EXERCISE INSTRUCTIONS: Leave out every picture and set down, exactly, the lines below from the one holding "2012年12月4日,今年会" up to and including the one holding "此塔選用質(zhì)地堅(j".

DATASET EXTRACT:
++++++++++

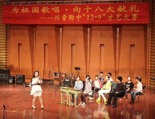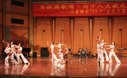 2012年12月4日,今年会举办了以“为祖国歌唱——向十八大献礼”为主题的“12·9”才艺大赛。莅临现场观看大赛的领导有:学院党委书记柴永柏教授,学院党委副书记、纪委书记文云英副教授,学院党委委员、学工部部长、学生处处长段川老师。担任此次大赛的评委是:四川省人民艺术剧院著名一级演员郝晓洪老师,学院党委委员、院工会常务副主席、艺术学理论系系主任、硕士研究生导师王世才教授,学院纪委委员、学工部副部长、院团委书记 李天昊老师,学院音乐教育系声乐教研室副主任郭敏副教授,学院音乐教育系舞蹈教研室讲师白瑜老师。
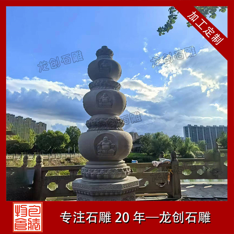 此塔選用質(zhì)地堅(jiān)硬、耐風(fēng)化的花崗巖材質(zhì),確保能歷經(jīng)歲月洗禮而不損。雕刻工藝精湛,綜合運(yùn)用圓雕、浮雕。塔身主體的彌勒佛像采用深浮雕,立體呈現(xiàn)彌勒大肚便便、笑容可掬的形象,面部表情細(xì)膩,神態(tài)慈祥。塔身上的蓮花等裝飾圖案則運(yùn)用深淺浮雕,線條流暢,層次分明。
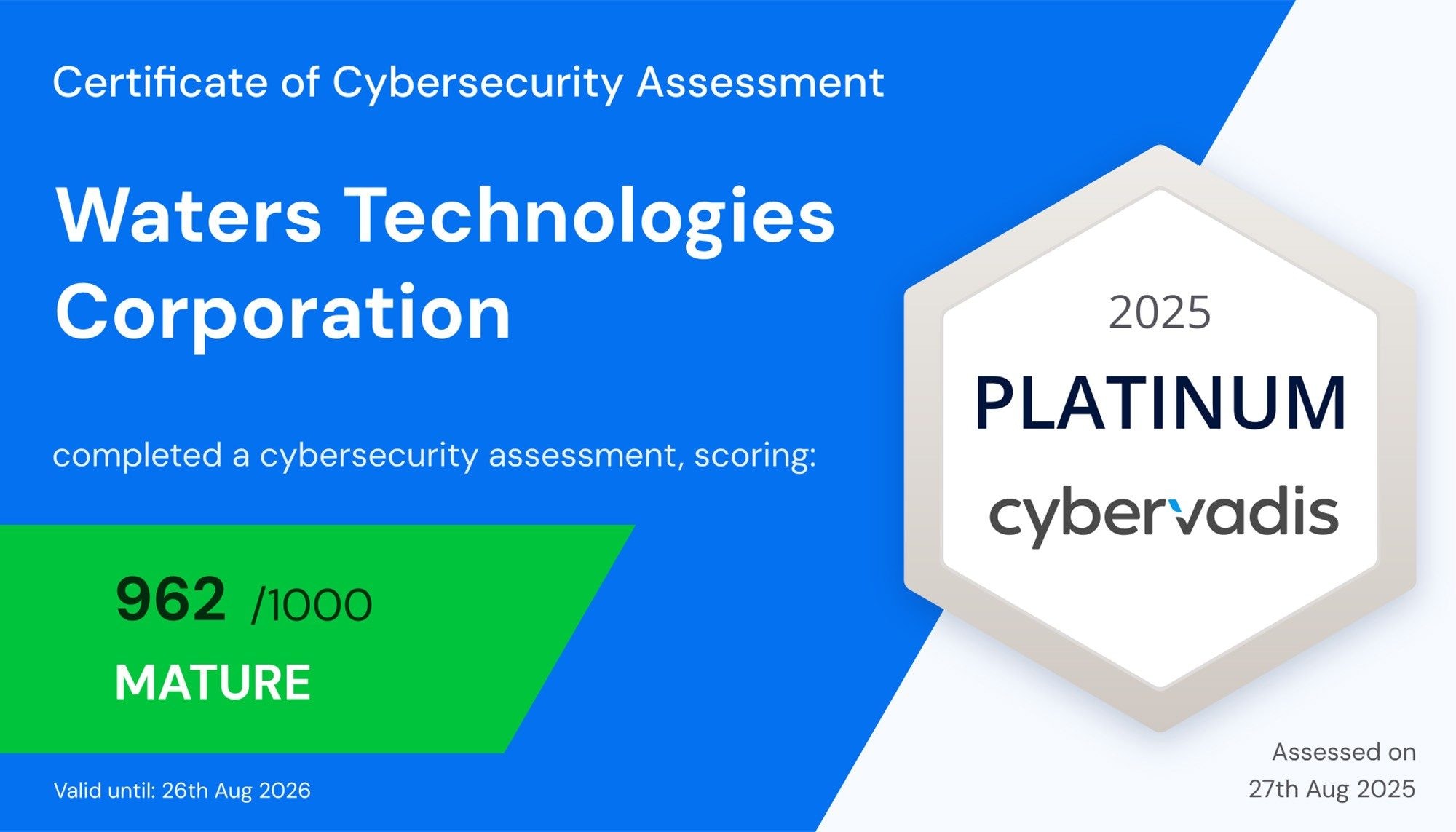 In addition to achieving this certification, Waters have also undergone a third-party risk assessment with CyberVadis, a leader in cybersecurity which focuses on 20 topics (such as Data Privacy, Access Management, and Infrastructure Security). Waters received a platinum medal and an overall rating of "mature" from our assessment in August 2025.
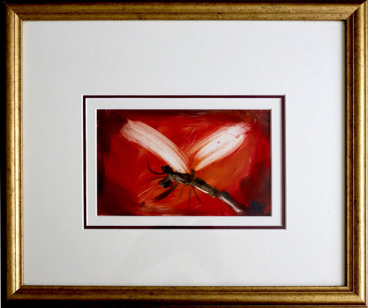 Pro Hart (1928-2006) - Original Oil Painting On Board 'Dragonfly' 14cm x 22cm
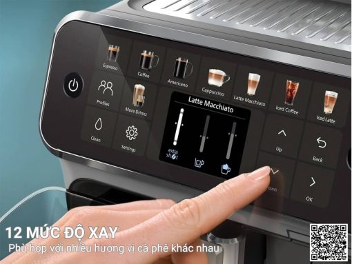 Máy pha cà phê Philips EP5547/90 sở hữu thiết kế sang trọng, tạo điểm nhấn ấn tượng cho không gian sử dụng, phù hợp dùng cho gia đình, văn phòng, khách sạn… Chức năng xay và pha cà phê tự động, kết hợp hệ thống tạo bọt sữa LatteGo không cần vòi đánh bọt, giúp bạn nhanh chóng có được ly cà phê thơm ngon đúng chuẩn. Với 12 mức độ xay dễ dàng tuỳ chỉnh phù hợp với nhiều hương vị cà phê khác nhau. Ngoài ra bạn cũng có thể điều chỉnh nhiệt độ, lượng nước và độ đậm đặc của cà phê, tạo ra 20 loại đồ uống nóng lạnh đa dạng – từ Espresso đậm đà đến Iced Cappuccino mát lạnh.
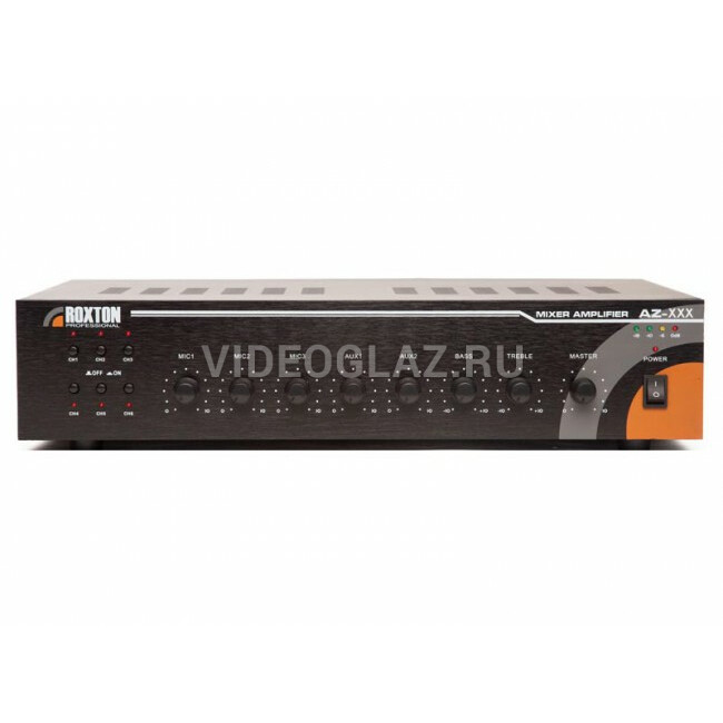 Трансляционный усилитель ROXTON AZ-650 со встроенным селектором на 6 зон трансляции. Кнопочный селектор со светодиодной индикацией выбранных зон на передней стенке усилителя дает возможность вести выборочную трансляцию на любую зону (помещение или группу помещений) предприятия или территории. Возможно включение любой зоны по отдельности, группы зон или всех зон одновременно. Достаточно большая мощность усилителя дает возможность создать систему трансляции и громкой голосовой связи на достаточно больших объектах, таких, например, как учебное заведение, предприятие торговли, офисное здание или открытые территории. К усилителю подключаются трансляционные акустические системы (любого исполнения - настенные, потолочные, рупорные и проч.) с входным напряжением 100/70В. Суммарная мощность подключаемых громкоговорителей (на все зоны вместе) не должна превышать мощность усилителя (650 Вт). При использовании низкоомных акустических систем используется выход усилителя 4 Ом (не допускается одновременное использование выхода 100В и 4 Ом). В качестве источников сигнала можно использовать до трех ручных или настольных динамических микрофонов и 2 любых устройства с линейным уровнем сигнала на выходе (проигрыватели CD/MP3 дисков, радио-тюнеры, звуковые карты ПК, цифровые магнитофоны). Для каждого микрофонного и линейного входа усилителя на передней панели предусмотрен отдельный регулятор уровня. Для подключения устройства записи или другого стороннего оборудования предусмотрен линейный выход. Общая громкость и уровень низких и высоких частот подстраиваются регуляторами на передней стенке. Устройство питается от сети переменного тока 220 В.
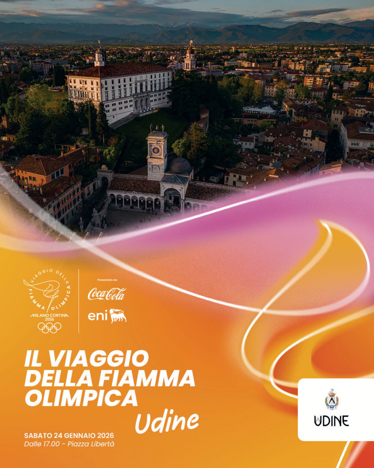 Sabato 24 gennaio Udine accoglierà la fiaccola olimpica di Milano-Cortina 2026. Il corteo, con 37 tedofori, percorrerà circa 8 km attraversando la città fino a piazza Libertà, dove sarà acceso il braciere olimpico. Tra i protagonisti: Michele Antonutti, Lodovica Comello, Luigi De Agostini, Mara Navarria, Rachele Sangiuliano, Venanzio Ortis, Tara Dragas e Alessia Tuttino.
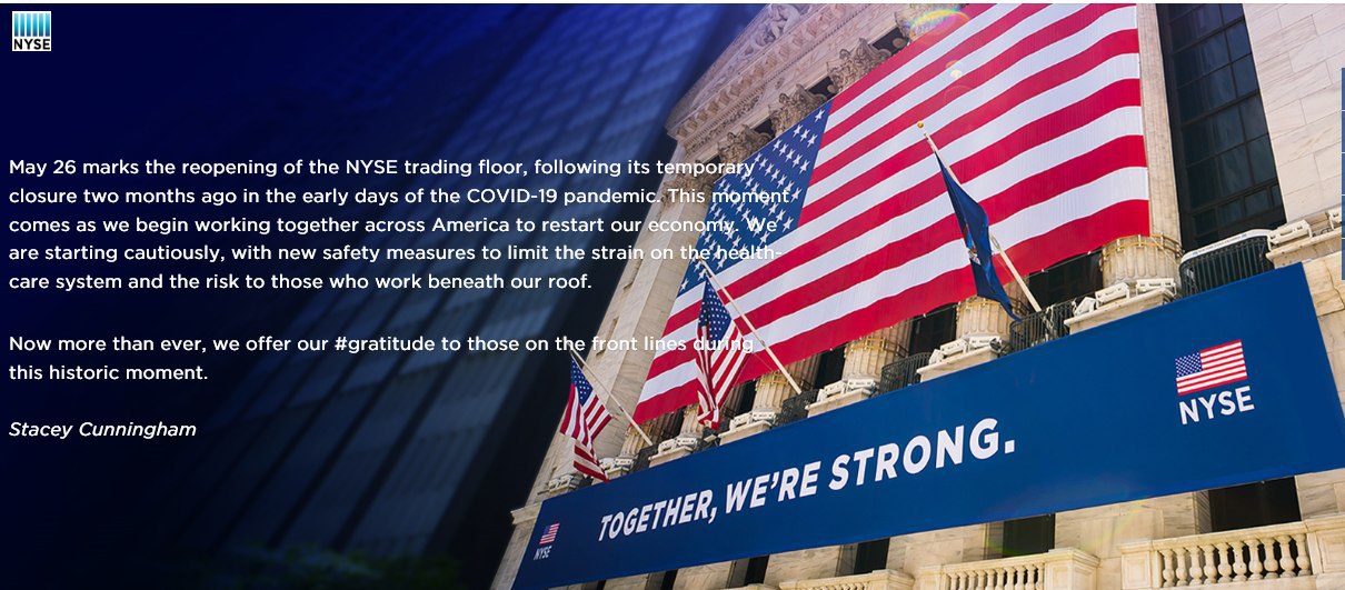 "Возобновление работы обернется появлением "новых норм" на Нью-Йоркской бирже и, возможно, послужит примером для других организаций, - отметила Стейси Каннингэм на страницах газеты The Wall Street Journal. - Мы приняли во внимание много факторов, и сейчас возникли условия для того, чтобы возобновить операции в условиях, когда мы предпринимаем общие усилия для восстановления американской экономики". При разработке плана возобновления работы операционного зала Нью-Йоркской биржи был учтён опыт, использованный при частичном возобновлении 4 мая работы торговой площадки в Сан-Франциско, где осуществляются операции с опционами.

++++++++++

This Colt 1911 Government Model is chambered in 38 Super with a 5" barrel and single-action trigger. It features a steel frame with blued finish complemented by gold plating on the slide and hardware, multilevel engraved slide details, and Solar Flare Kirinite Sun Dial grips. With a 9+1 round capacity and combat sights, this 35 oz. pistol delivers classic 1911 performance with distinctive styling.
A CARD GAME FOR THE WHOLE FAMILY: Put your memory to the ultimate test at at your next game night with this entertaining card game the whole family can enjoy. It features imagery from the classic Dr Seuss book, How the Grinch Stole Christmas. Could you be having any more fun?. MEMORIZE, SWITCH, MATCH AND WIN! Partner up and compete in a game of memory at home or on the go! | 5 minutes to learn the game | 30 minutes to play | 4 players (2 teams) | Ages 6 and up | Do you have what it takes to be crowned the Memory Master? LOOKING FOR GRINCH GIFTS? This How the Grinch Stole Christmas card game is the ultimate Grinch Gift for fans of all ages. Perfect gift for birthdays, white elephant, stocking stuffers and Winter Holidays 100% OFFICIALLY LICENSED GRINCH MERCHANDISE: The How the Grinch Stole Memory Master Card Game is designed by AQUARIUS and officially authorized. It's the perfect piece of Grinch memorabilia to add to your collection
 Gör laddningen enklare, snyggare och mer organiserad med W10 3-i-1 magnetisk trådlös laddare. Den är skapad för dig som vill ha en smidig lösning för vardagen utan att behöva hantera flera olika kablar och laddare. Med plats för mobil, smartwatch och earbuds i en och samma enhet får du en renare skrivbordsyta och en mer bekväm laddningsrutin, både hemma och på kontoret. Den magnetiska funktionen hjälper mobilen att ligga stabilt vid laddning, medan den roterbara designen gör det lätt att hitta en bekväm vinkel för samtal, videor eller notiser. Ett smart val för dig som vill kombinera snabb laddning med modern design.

++++++++++

EXERCISE ANSWER:
 2012年12月4日,今年会举办了以“为祖国歌唱——向十八大献礼”为主题的“12·9”才艺大赛。莅临现场观看大赛的领导有:学院党委书记柴永柏教授,学院党委副书记、纪委书记文云英副教授,学院党委委员、学工部部长、学生处处长段川老师。担任此次大赛的评委是:四川省人民艺术剧院著名一级演员郝晓洪老师,学院党委委员、院工会常务副主席、艺术学理论系系主任、硕士研究生导师王世才教授,学院纪委委员、学工部副部长、院团委书记 李天昊老师,学院音乐教育系声乐教研室副主任郭敏副教授,学院音乐教育系舞蹈教研室讲师白瑜老师。
 此塔選用質(zhì)地堅(jiān)硬、耐風(fēng)化的花崗巖材質(zhì),確保能歷經(jīng)歲月洗禮而不損。雕刻工藝精湛,綜合運(yùn)用圓雕、浮雕。塔身主體的彌勒佛像采用深浮雕,立體呈現(xiàn)彌勒大肚便便、笑容可掬的形象,面部表情細(xì)膩,神態(tài)慈祥。塔身上的蓮花等裝飾圖案則運(yùn)用深淺浮雕,線條流暢,層次分明。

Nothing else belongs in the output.